I was happy to learn that Nguyen’s quick thinking has inspired a website encouraging girls to post pictures of men who’ve harrassed them on the street or in the subway. Yet still there are women who feel no embarrassment at behaving, frankly, like cowards – even when children’s safety is jeopardized. And there are other women who, unfortunately, don’t give them nearly enough of a hard time about it.


I normally like the Chicago Tribune’s Amy Dickinson, for instance, the former Time columnist who took over the syndicated Ann Landers advice column a few years ago. But her response this week [AUG 8] to an Ask Amy reader wondering what to do about “an older gentleman” exposing himself to children in their residential complex’s pool startled me with its excessive mildness.


“I considered standing up and walking over to him in the hopes of stopping it,” wrote the reader (who noted the man had always given her “the creeps”), “but at the same time I was scared because I am a young woman and didn’t want to put myself at risk.”


Oh, grow up! I thought. What “risk” was this mealy-mouthed girl really putting herself in by simply saying, for example, “Hey, old man, put your &*@*#! ding-dog away before one of these kids’ parents comes out here chops it off.”


Was she the only other adult by the pool? Would no one have backed her up? Sometimes all you need to do to nip these things in the bud is say something. But every time a flasher suffers no consequence, the further he may feel like going next time.


Ask Amy did advise her reader (who signed herself Troubled Waters in PA, although I think To Hell With Kitty Genovese might have been a more fitting moniker) to notify the police as well as building management: “This is one of those times when you might have to tolerate some discomfort (or the prospect of it) for the greater good.” But I don’t think she said so nearly forcefully enough, and lost the opportunity to get a stronger message out to readers.


As it happens, I know that even if that pool flasher was, as Amy suggested he might be, “a registered sex offender,” notifying management might not be enough to solve the problem. As I wrote in a Wall Street Journal op-ed last year:



Did you know that in California, child molesters and rapists are a protected class? It’s true. Not only are California landlords banned from using the state’s Megan’s Law database to decline renting their properties to sex offenders, they’re not even allowed to warn other tenants that these paroled criminals are now their neighbors. If they do the first, they can be fined $25,000 for housing discrimination. But if they don’t do the second, they can be sued for failing to protect tenants against a known danger.
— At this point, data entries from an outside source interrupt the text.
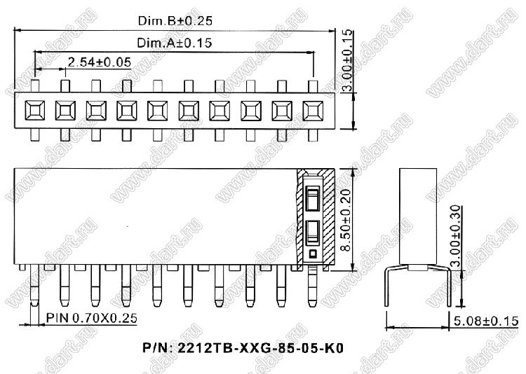 розетки однорядные прямые (гнездо) на плату для монтажа в отверстия, высота изолятора 8,5 мм; шаг 2,54 мм
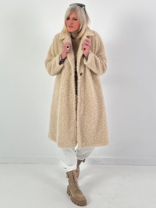 Bontjas met gebreide mouwen, model "Fluffline" - beige
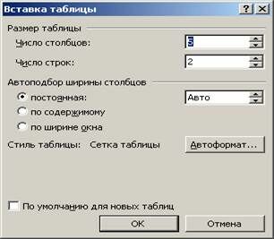 2. в меню Таблица выберите строку Вставить и в ее меню команду Таблица. Появится диалоговое окно Вставка таблицы;
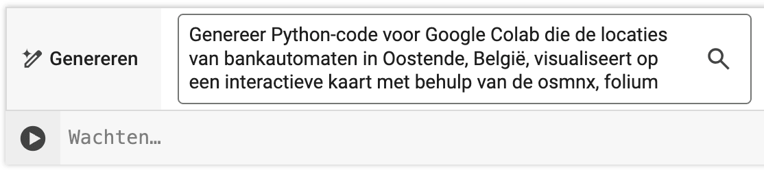 Stel je voor: het gemeentebestuur wil dat iedere burger in een straal van 300 meter toegang heeft tot een bankautomaat. Toegang tot cashgeld is immers een basisrecht, redeneert de schepen van Lokale Economie. De GIS-ambtenaar is op verlof en jij moet een analyse uitvoeren om nieuwe potentiƫle locaties voor bankautomaten in kaart te brengen. Hoe kan Google Colab daarbij helpen?

So it would seem especially important for all citizens to take responsibility for their neighbors’ safety – especially when those neighbors include children – rather than simply think notifying management takes care of the problem. (Although certainly the woman should do that too, even if she did worry it put her own hide “at risk.”)
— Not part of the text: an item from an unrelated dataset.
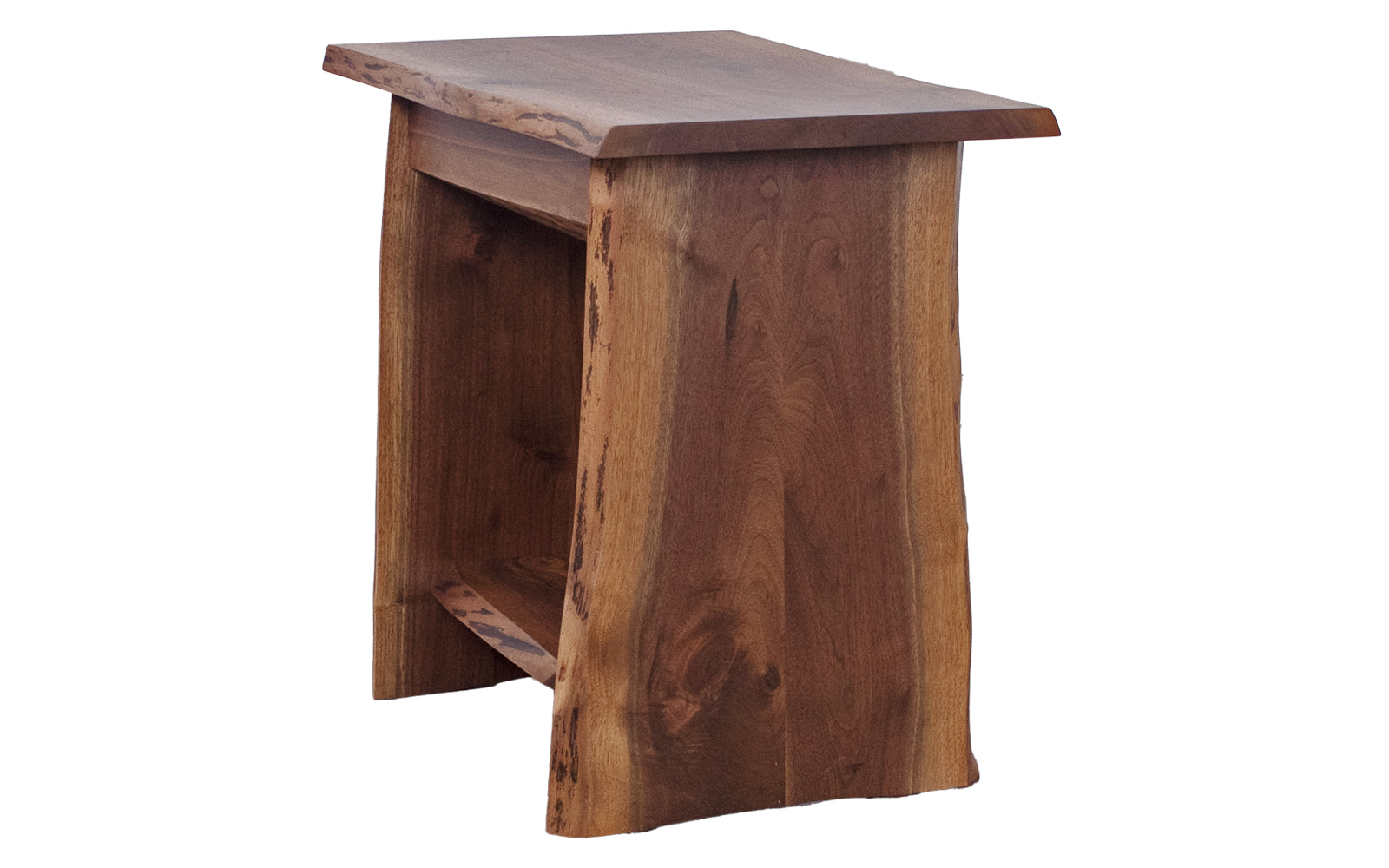 Handcrafted from solid hardwood by skilled American artisans, this walnut live edge end table brings natural beauty and durability to any room. The organic edge showcases the wood's authentic character while the sturdy construction ensures lasting quality. Personalize your piece by selecting from alternative wood species and stain finishes to match your décor perfectly. Custom sizing is also available to fit your specific space. A timeless addition that combines craftsmanship with versatility.
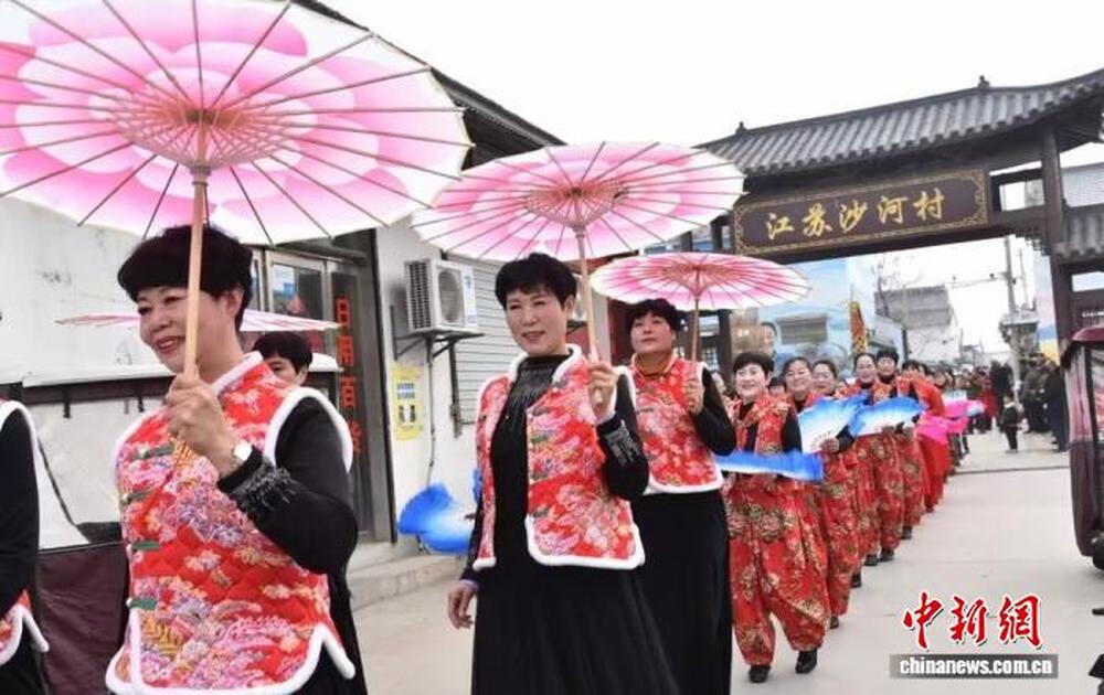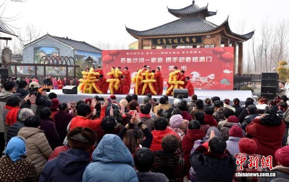 2月5日,江苏沛县龙固镇沙河村的“苏鲁百姓大舞台”张灯结彩、人声鼎沸。龙固镇沙河村与山东鱼台老砦镇沙河村的村民欢聚一堂,共同迎来“我们的节日·春节”跨省文艺联欢,这是两座沙河村连续第三年携手举办的新春演出。

A far more inspiring example of how to behave in these situations comes from my friend Linda, who now is a respectable middle-aged mother of two but spent a lot of time skipping school and hanging out on Hollywood Boulevard as a teenager. Once she was sitting at a bus stop with a friend when a man in a business suit walked up, briefly exposed himself, then strolled on.


Linda, suddenly inspired, looked at her friend – who like her, was almost six-feet tall – and said: “Let’s get him!”


So they galloped full speed after the hapless (and now presumably terrorized flasher). He got away, but I can only imagine the strain he felt, huffing and puffing down Hollywood Boulevard with two angry and extremely tall teenagers in hot pursuit. I like to think that later on he had a stroke. But in any case, I bet he thought twice before trying something like that again.